A Risky Christianity Is a Blessed Christianity

I recently returned from a trip to Togo, Africa and many have been asking me to share about the experience. It is a bit overwhelming because I know the expression will fail the experience, but I’m going to give it a try.  I was already planning on processing my “take-aways” from the trip, so I will just journal publicly about the ones I think apply to TCPC as a whole.  My next few blog posts will be lessons learned from a week in Africa. If you get even a small portion of what God showed me last week, then it will be well worth the time.

Let me first offer a quick word to the cynics.  I know what you’re thinking before you even say it—sheltered pastor of American congregation spends a week in Africa and comes back to lecture us about all the ways American Christianity gets it wrong and all the ways the global Church gets it right.  Is that what this is?  Yes.  That’s exactly what this is.  The African Church has much to learn from us, and they humbly and gladly received our words, wisdom, and training while I was there.  And we have much to learn from them; so let’s humbly spend some time at their feet.

Lesson 1: A risky Christianity is a blessed Christianity.

The first night we were there, I was training future leaders of the African Church on Christ-centered preaching, and in mid-lecture was startled by the Islamic call to prayer billowing from the mosque around the corner (the picture above was taken right outside this missions base where I was teaching). I had to raise my voice to be heard over the chant repeatedly calling out to the hearers in Arabic…

Allah is greatest! I bear witness that there is none worthy of worship except Allah! I bear witness that Muhammad is his messenger! Hasten to prayer! Allah is greatest! There is none worthy of worship except Allah!

It just so happened that at that very moment I was quoting 1 Corinthians 1:18, “For the message of the cross is foolishness to those who are perishing, but to us who are being saved it is the power of God.”  Recklessly preaching Christ crucified over the chanting of an Islamic cleric audaciously proclaiming that there is none worthy of worship except Allah…that was a first for me.

Later on in my lecture, I paused to ask the group about some of the struggles of their culture.  One person raised his hand and said, “Idolatry.”

I said, “That’s right.  Every culture has idols, what are some of the idols your people struggle with?”

He said, “Worshiping false gods.”

I said, “Yes I understand, but give me specific idols.  Like American’s struggle with the idol of wealth, power, success, and so forth.”
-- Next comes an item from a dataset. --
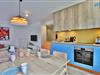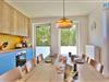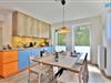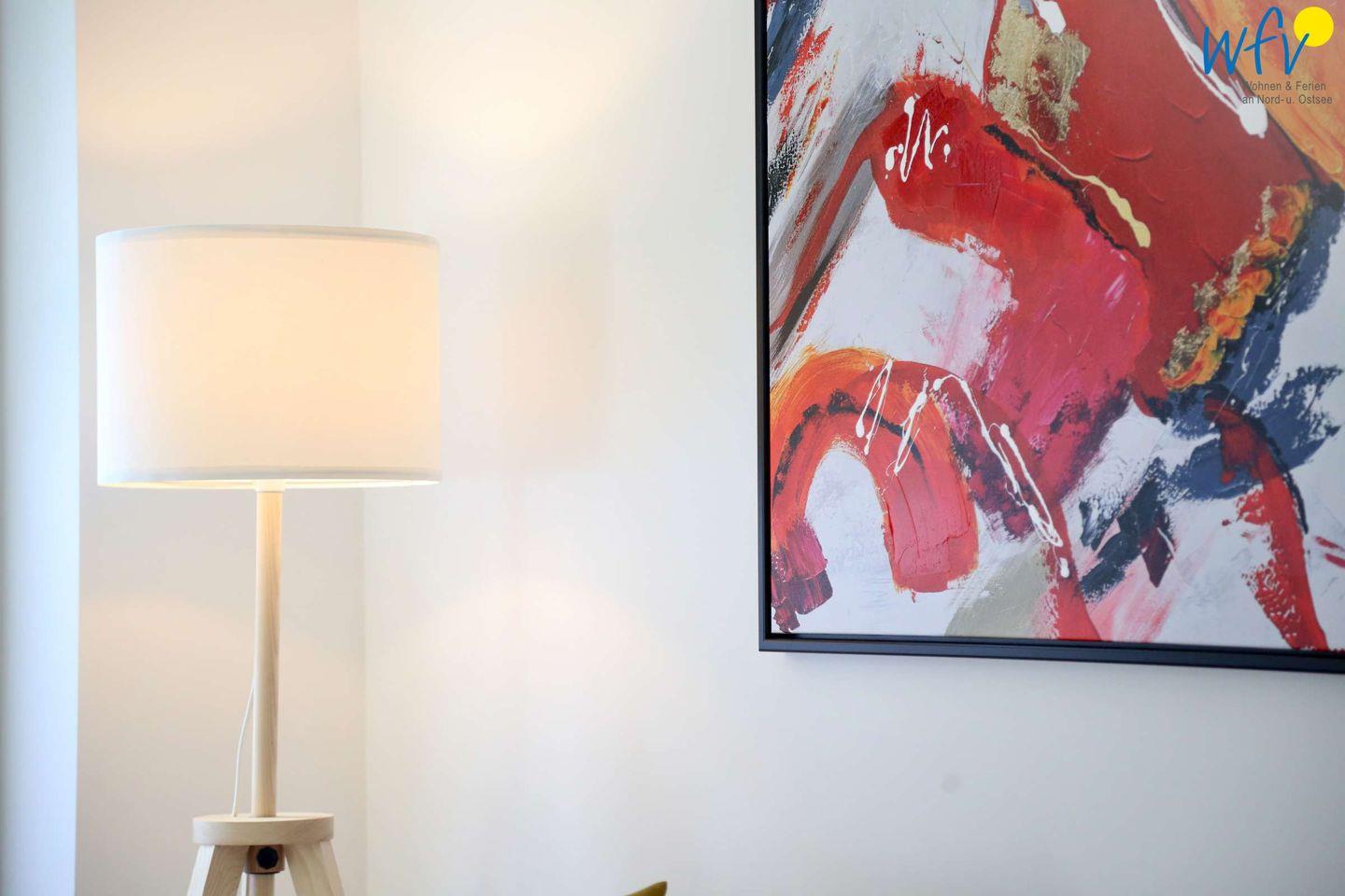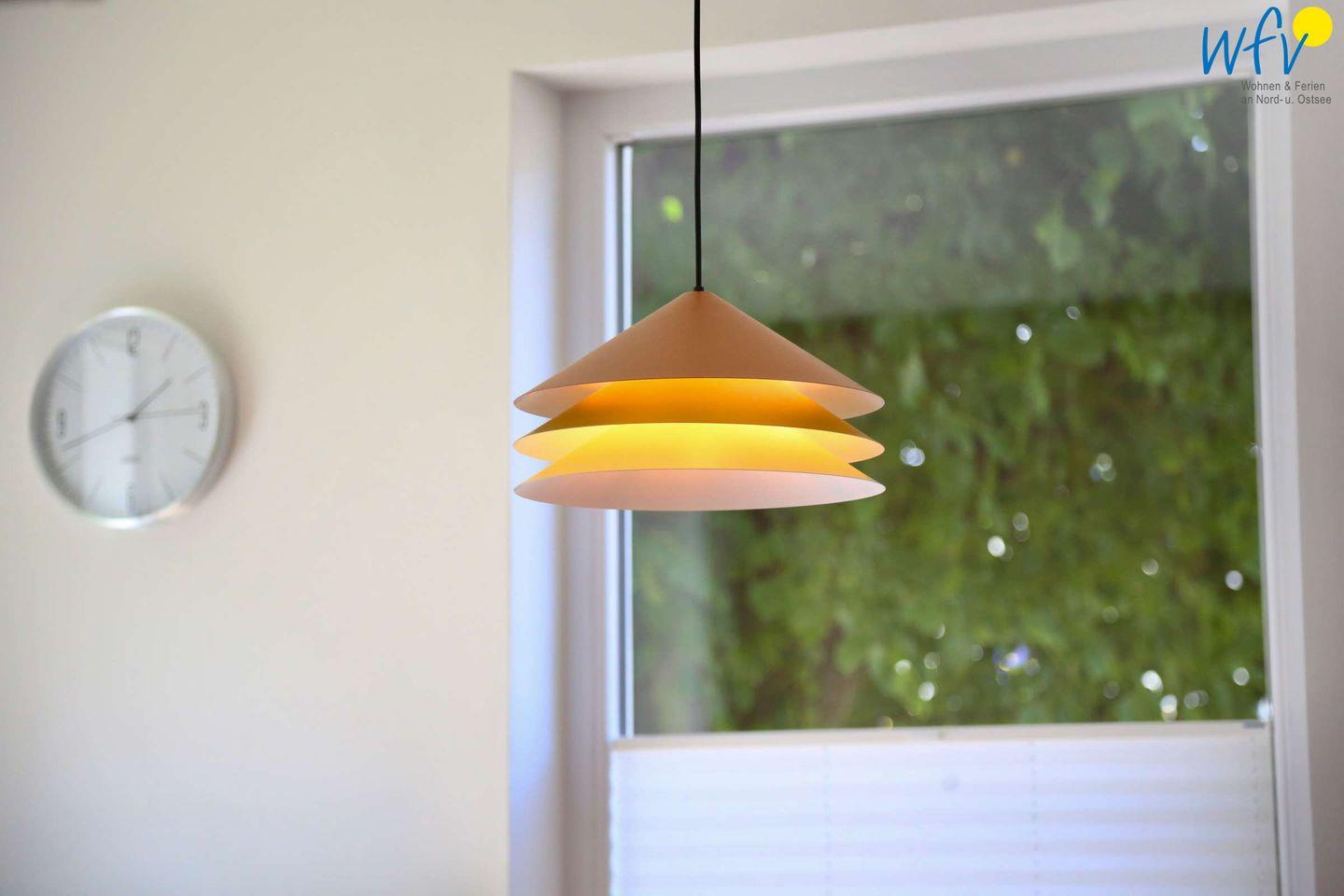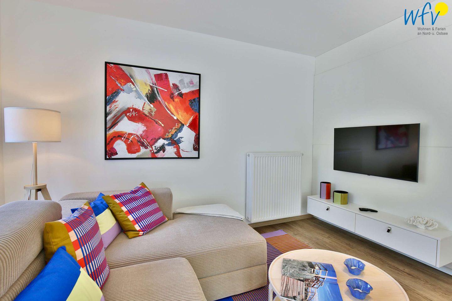 Schlicht und elegant lädt das Wohnzimmer mit Küche, Sofa und großem Esstisch zum Relaxen, zu gemütlichen Fernsehabenden und zu gemeinsamen Mahlzeiten ein. Von hier aus gelangen Sie auf die große Terrasse. Die Küche der Ferienwohnung "Welle" ist bestens ausgestattet und lässt auch im Urlaub die Kochfreunde zur wahren Gourmets werden.

He responded, “No you don’t understand what I’m saying.  Our people struggle with actual idols.  They sacrifice animals to idols.  They bow down and worship and pray to man-made idols.”

“Oh,” I paused. “You mean real idolatry?”
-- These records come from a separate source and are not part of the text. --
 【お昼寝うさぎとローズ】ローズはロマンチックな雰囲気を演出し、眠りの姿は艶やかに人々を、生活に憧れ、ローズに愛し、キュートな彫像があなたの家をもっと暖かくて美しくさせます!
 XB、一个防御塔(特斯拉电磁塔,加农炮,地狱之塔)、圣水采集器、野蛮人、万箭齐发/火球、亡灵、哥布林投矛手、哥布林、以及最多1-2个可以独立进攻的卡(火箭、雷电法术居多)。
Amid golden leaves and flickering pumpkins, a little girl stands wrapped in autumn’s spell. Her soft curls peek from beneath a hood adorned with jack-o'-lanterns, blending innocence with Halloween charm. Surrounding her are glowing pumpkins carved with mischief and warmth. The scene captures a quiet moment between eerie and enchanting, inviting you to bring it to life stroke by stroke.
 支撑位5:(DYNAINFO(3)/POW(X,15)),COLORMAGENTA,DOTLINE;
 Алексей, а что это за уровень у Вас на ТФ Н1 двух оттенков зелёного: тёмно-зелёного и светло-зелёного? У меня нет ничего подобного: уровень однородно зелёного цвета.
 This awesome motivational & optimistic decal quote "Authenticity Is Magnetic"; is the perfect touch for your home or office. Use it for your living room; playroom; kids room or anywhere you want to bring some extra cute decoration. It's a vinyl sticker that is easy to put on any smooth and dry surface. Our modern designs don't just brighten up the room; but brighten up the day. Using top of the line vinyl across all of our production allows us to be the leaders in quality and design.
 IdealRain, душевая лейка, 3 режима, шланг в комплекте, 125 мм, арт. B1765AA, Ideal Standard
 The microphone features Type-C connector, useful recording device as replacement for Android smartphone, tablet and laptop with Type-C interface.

“Yes,” he said, “Real idolatry.”

This isn’t Tim Keller counterfeit god’s of a culture kind of stuff; this is actually worshiping Baal kind of stuff.  I’ve preached a lot of sermons, but not once have I felt the need to make one of my applications, “Stop slitting the throats of goats and offering the blood on the alter of a voodoo god.”
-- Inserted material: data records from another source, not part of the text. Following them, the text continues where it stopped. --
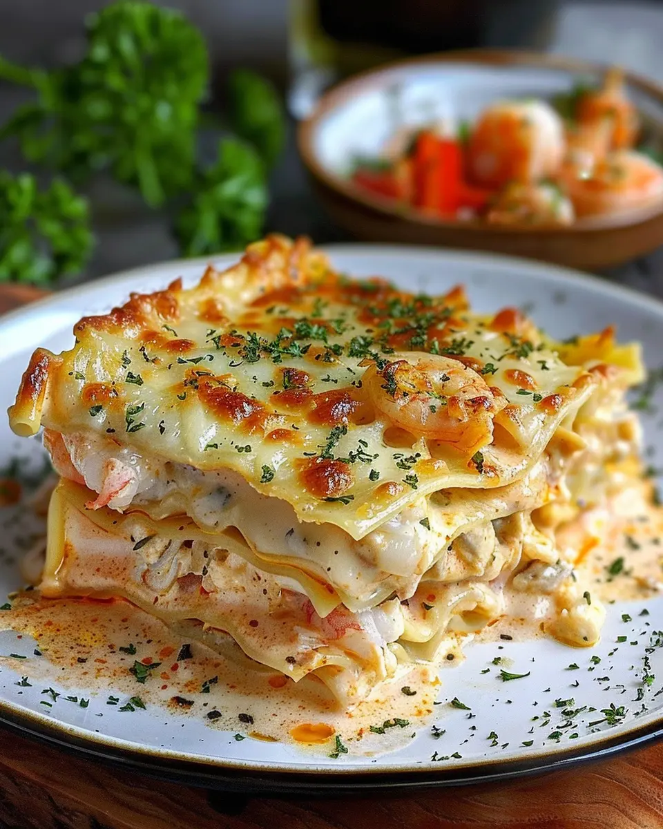 Enjoy a rich and flavorful shrimp crab lasagna that’s perfect for any occasion.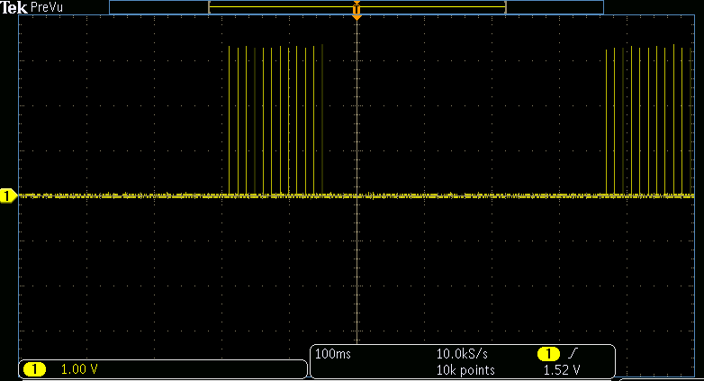 The DRDY line is suppose to be active low so I expect the voltage to be HIGH at 3.3V, but I'm seeing the following on the oscilloscope even though the ADC is in STANDBY MODE: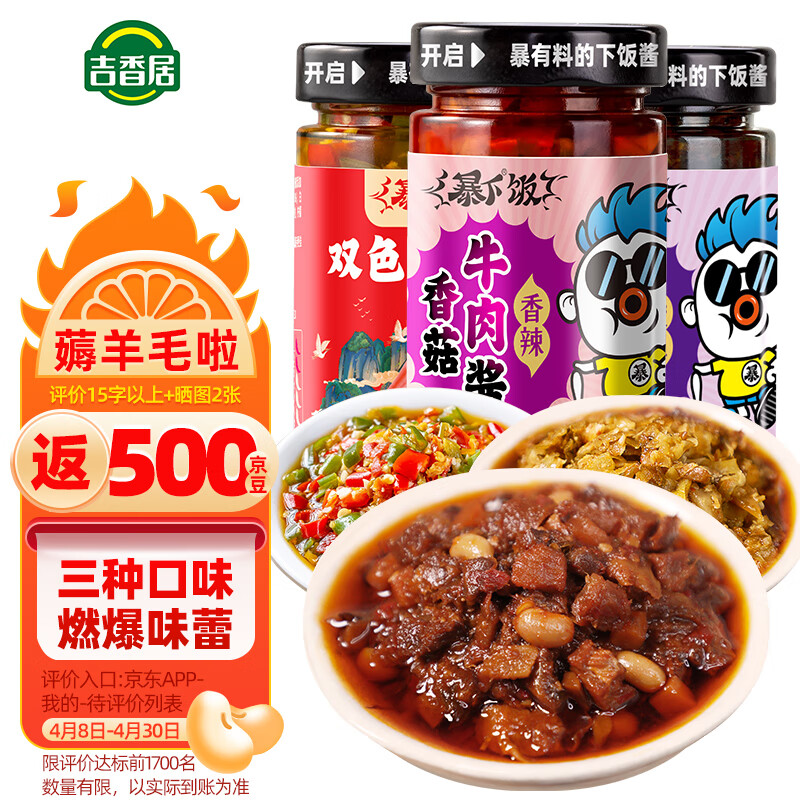 ¥18.9 吉香居 辣椒酱 暴下饭牛肉酱组合200g*3瓶 香菇酱剁椒酱下饭拌饭拌面酱 32.9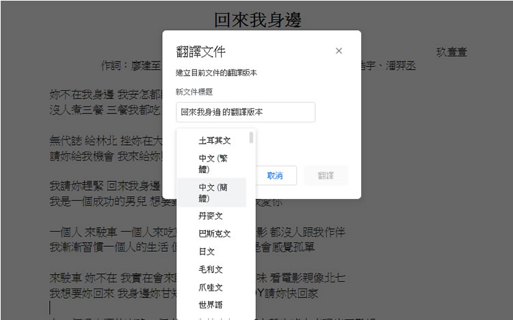 首頁操作技巧Google 文件 如何使用「Google 文件」快速讓繁體與簡體中文互相轉換? 雖說微軟的注音輸入法已經可以打出簡體中文字,但對取得的文件是簡體或繁體有轉換需求時,還是需要工具來輔助,最簡單的方法當然就是利用 Word 的內建功能,如果沒有 Office 也沒關係,也可以透過「Google 翻譯」功能來實現,如果是已經成形的 PDF 文件,除了透過「Google 文件」可以取出內文外,還可以直接編輯,當然,如果有簡、繁中文互相轉換的需求,在「Google 文件」也可以很輕易的辦到。 🔔 不錯過任何精彩! 立即訂閱我們的 LINE 官方帳號 每次發佈新文章時,您將會第一時間收到本站文章連結通知,輕鬆掌握最新資訊! 使用 LINE 追蹤文章更新 §相關文章,還可以參閱:「Google 文件」如何輸入分數?「Google 文件」共用文件如果有被編輯過或加入註解如何收到通知?「Google 文件」如何使用智慧型方塊插入 Google 地圖?「Google 文件」段落如何縮排?如何在「Google 文件」編輯電子郵件草稿後直接使用 GMail 預覽及發送? 如何使用「Google 文件」快速讓繁體與簡體中文互相轉換? 1.使用瀏覽器進入 「Google雲端硬碟」,開啟 Google 文件,便可以選擇[ 工具 ] > [ 翻譯文件 ]。 2.選擇要翻譯的語言。 3.翻譯的速度還是很有效率的。 4.也可以使用「Google 翻譯」功能來實現。 5.要翻譯整份文件也可以,但其中的圖片會消失。

That first night shattered my paradigms of comfortable Christianity.  It was as if our Delta flight had landed in the book of Acts, and to be honest with you, it was utterly refreshing.  You would think that joining the front line battles of Christianity would lead to fear and trepidation, but I found myself strangely at peace.  I experienced a joy that comfortable Christianity simply doesn’t have to offer.

Indeed I discovered what the Bible proclaims and many of our brothers and sisters have experienced, a risky Christianity is a blessed Christianity.  To be stripped of an ordered society (a great thing which I appreciate now more than ever), to step outside the bible-belt culture, to be cut off from our unlimited resources, to lose these comforts we take for granted and to truly trust God in every circumstance is simultaneously terrifying and satisfying.

I commend it to you, and you don’t have to go to Africa to find it.  Granted, American Christianity is a risk-averse sub-culture, but it doesn’t have to be.  I returned to the states determined, more than ever, to embrace risk and walk by faith in my normally sheltered lifestyle.  Could our family give so lavishly that we actually have to pray for God’s provision? Could I openly warn unbelieving friends about the looming danger of hell?  Could I make room for the inconveniences of mercy and justice?  Could my home be an open invitation to the needy? Could I bear the American cross of awkwardness?  Could I speak out against the evils of our society, even the unhip ones?

I’m convinced that sweet communion with God is waiting for us on the other side of risk, and you don’t have to fly to Africa to find it.  A riskless Christianity quickly develops into a boring Christianity.  So take a risk and enjoy.